* **EXERCISE DETAILS**: In the entries below, copy only the lines from the one that contains "Título: Fecas de" through the last line, exactly, and omit any pictures.

* **Records from a data source**:
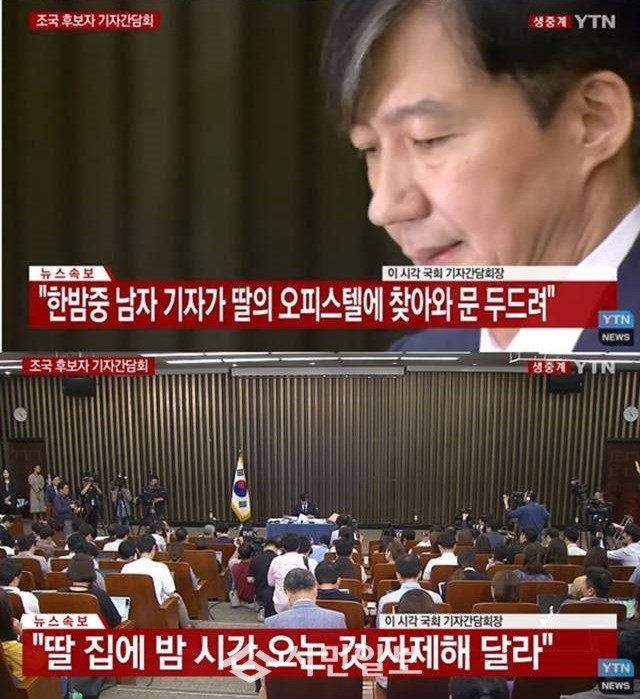 조국 후보자는 청문회 무산 소식이 전해진 직후인 지난 2일 오전, 취재진들을 통해 오후 3시30분부터 국회에서 기자회견을 열겠다고 예고해 대중들의 관심이 모아졌다.
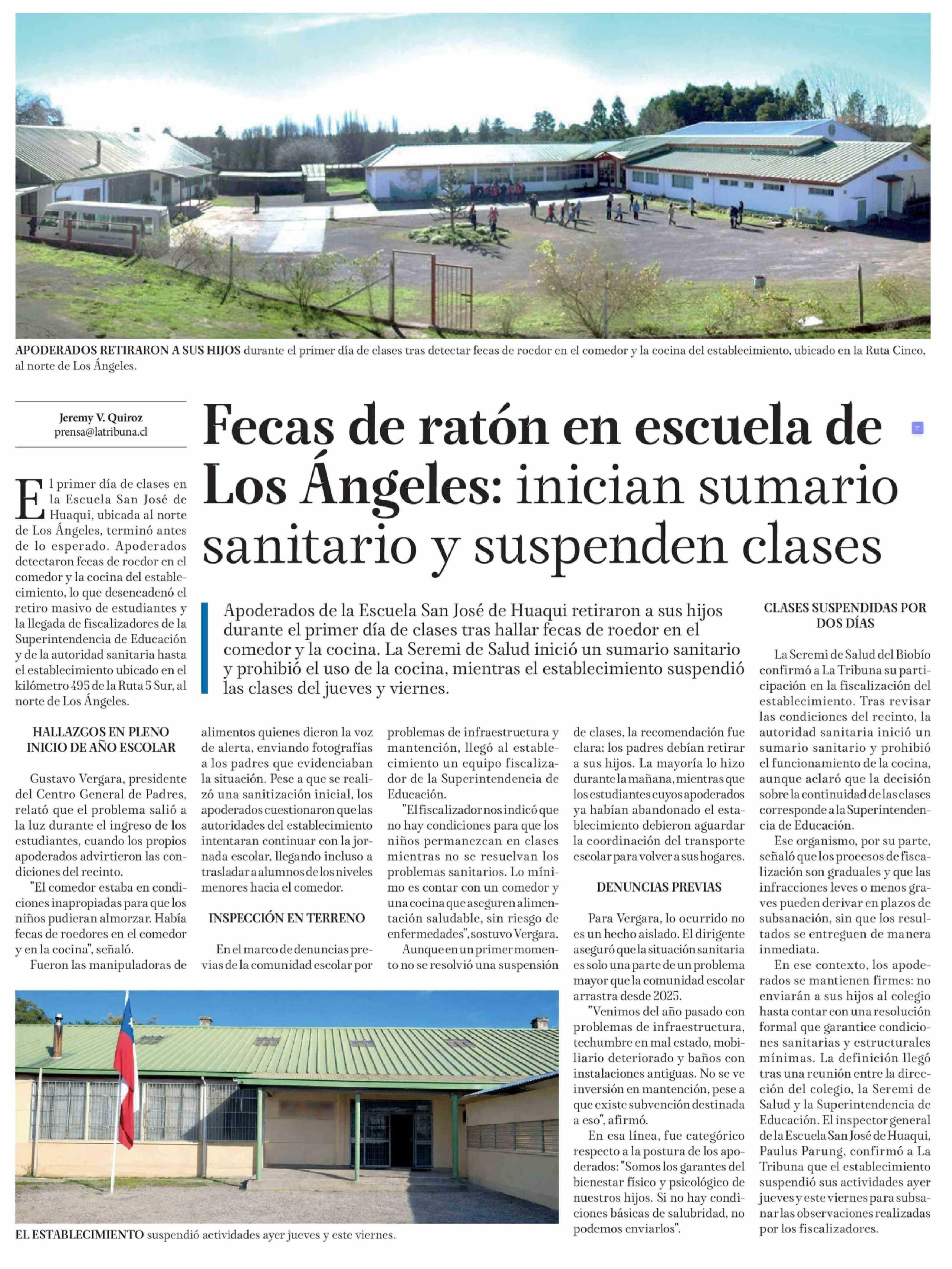 Título: Fecas de ratón en escuela de Los Ángeles: inician sumario sanitario y suspenden clases
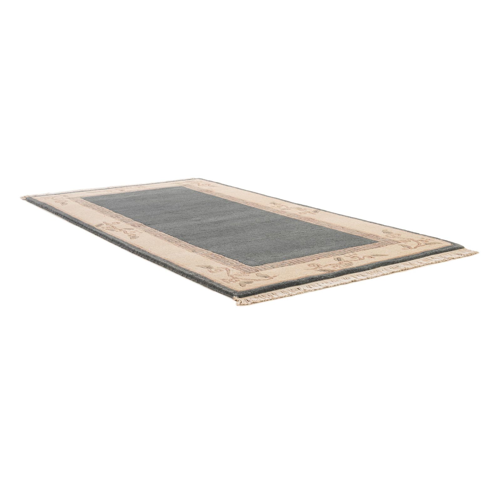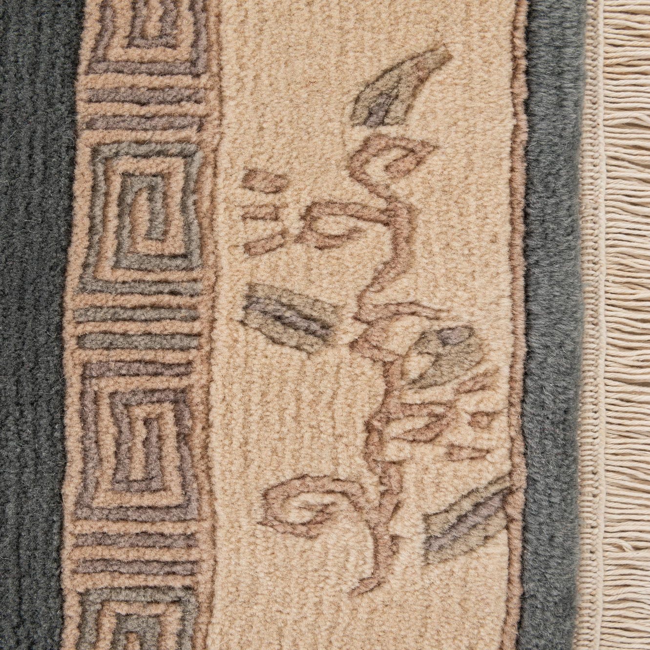 A 3x4 rectangular Tibet collection rug featuring a gray field and a beige border with abstract oriental patterns.
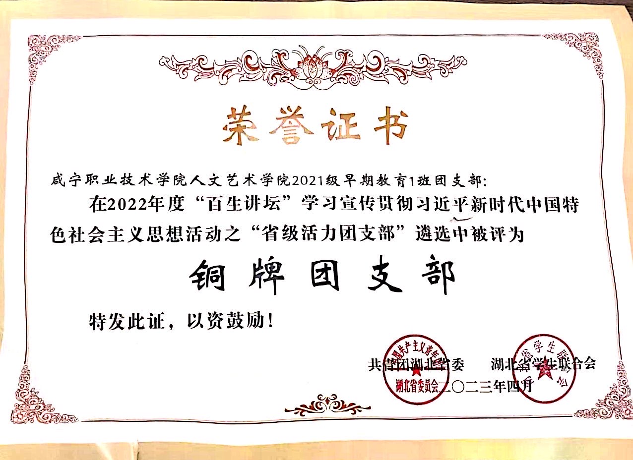 近日,湖北省2022年度“百生讲坛”学习宣传贯彻习近平新时代中国特色社会主义思想活动之“省级团支部”评选结果揭晓,咸宁职业技术学院亚洲无码人妻2021级早期教育1班团支部通过层层筛选和审核,成功晋级到省级比赛,最终获得“铜牌团支部”称号。
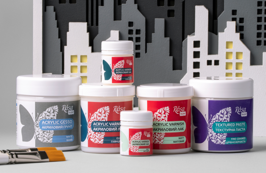 Along with the basic decoration materials, auxiliary materials play an important role and help to prepare the surface for the decorating, create a texture, protect the decorated surface from the influence of external factors. The range of auxiliary materials for decorating ROSA TALENT includes varnishes, primers, pastes and pouring medium for the Fluid Art technique.

* **SOLUTION**:
 Título: Fecas de ratón en escuela de Los Ángeles: inician sumario sanitario y suspenden clases
 A 3x4 rectangular Tibet collection rug featuring a gray field and a beige border with abstract oriental patterns.
 近日,湖北省2022年度“百生讲坛”学习宣传贯彻习近平新时代中国特色社会主义思想活动之“省级团支部”评选结果揭晓,咸宁职业技术学院亚洲无码人妻2021级早期教育1班团支部通过层层筛选和审核,成功晋级到省级比赛,最终获得“铜牌团支部”称号。
 Along with the basic decoration materials, auxiliary materials play an important role and help to prepare the surface for the decorating, create a texture, protect the decorated surface from the influence of external factors. The range of auxiliary materials for decorating ROSA TALENT includes varnishes, primers, pastes and pouring medium for the Fluid Art technique.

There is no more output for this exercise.